— Далёка слыхаці такую навіну:
Забілі Пятруся, забілі ў Жыліну.
А за што забілі, за якую навіну?
Што сваю мае, чужую кахае.
Чтэры служачкі да Пятруся слала,
А за пятым разам сама паехала.
— Пакінь, Пятрусю, у поле араці,
Няма пана дома, будзем начаваці...
Голос пана Агалинского делался все громче, надрывней, больше похожим на плач.
— Выглянула пані з новага пакою,
Убачыла пана на вараным коню.
— Уцякай, Пятрусю, уцякай, сардэнька,
Бо ўжэ пан прыехаў — будзе нам цяжэнька.
Узялі Пятруся ды пад белы рукі,
Павялі Пятруся на вечны мукі.
— Пакажы, Пятрусю, пакажы жупаны,
Што падаравала вяльможная пані.
Пакажы, Пятрусю, пакажы пярсцені,
Што падаравала вяльможна ў пасцелі.
Білі Пятруся чатыры гадзіны,
Упаўнялі сабе, што Пятрусь няжывы...
Пан Агалинский прекратил стучать по столешнице, голова его с прилипшим ко лбу потным рыжим чубом свесилась, последние слова песни прозву чали почти шепотом:
— Вяльможна ідзе, яго матка хліпе...
— Не плач, матка, не плач, бо я сама плачу,
Я за тваім сынам панства, жыцце трачу...
Ды яшчэ Пятруся ў дол не апусцілі —
Па вяльможнай пані званы зазванілі...
Лёдник уткнулся головой в сложенные на столе руки, будто хотел спрятаться. Напротив в такой же позе застыл пан Гервасий. В помещении установилось молчание, как на кладбище, наполненное болью и непоправимостью.
— У нее были такие легкие, непослушные волосы. — шептал пан Агалинский будто сам себе. — Казалось, в них живет ветерок. А когда она улыбалась, верхняя губа приподнималась так смешно. Так беззащитно. Если бы я был старшим братом, она была бы моей. И улыбалась намного, намного чаще. Я бы высушивал каждую ее слезинку губами. Ты помнишь улыбку пани Галены, доктор?
— Я помню, как улыбается моя Саломея. — шептал Лёдник, которого, что предсказуемо, разобрало еще сильнее, чем собеседника. — Когда она улыбается, на ее левой щеке образуется ямочка.
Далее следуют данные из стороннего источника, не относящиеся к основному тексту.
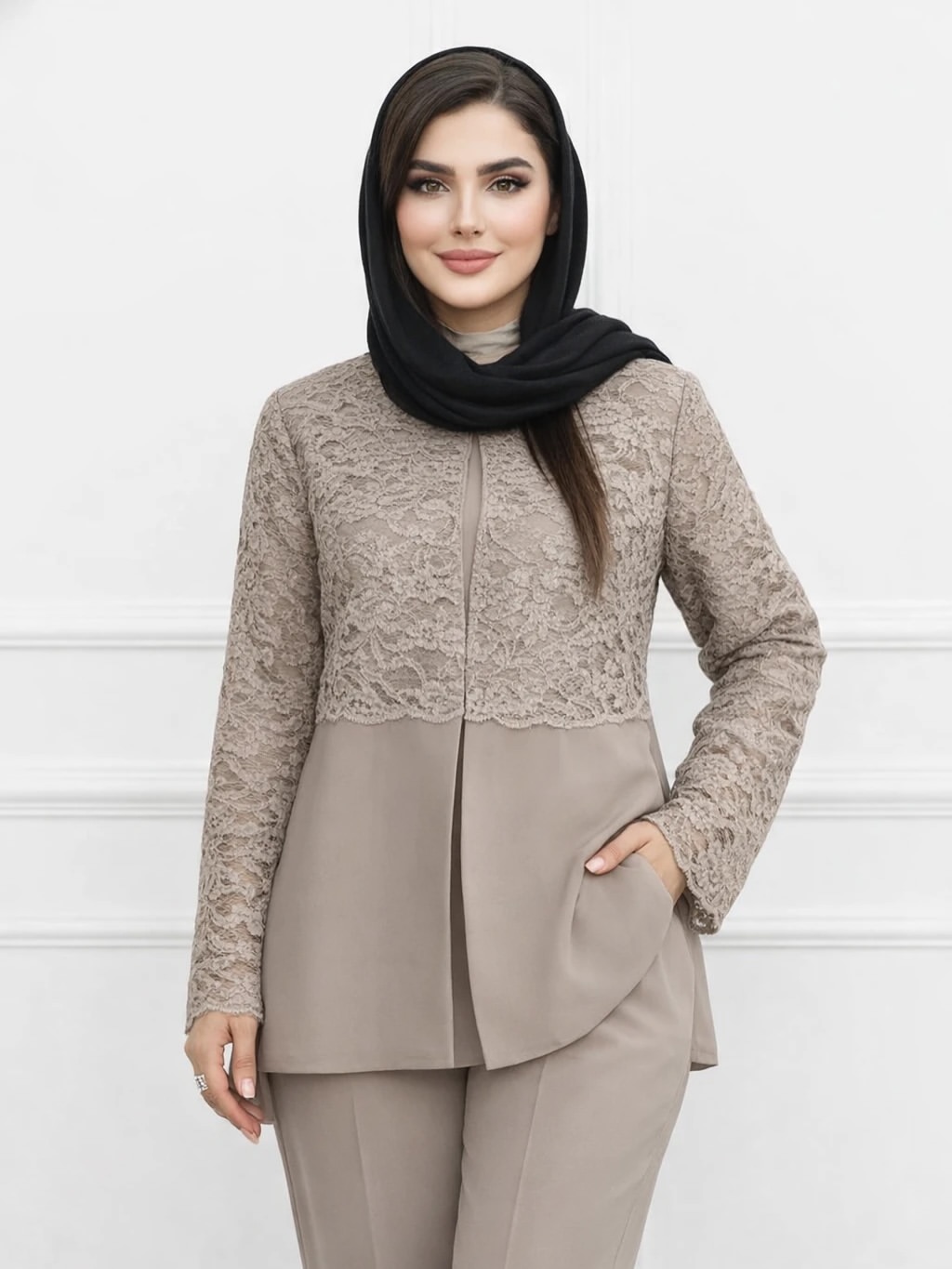 ناموجودکت و شلوار ززنانه مزونی با چرخکار گیپور شیک

А волосы у нее темные, тяжелые, блестящие. Когда пропускаешь их сквозь пальцы, кажется, что проскальзывает шелк.
— Я все равно тебя убью. — пробормотал пан Гервасий. И оба окончательно провалились в пьяное забытье.
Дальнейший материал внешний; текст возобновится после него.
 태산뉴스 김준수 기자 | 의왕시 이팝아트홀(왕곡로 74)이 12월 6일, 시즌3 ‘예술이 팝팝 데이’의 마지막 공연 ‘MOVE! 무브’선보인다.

А Прантиш обрадовался в душе своей, что никто из попутчиков не вспомнил паненку Полонею Богинскую.
Потому что, когда она улыбается, не по-светски, а по-настоящему, искренне, ее носик так мило приподнимается, а в глазах такие шаловливые искорки. И левый уголок розовых губ немного выше правого, и нужно быть слепым, чтобы не влюбиться за одну эту улыбку.
И качала всех их, влюбленных счастливо и несчастливо, жертв и палачей, деревянная «Святая Бригитта», как букашек качает сухой листик, который слетел на речную струю. И бился в мокрых парусах ветер, и не было в этот час безопасной пристани.
Война, сотрясавшая Европу уже седьмой год, издыхала, как сильный хищник, в которого всадили стрелы и копья, а он все еще ползет, бьет когтя ми, царапает все, до чего можно дотянуться. После того как брат прусского короля Генрих Прусский выиграл битву при Фрайберге, явив миру «чудо Бранденбургского дома», в сердцах снова поселилась тревога. По дорогам блуждали банды мародеров, войска наемников, готовые на любые преступления или подвиги, жизнь человеческая стоила менее шелега. Дорога по морю, пусть длинная, в неблагоприятную пору была более безопасной, чем по залитой кровью суше.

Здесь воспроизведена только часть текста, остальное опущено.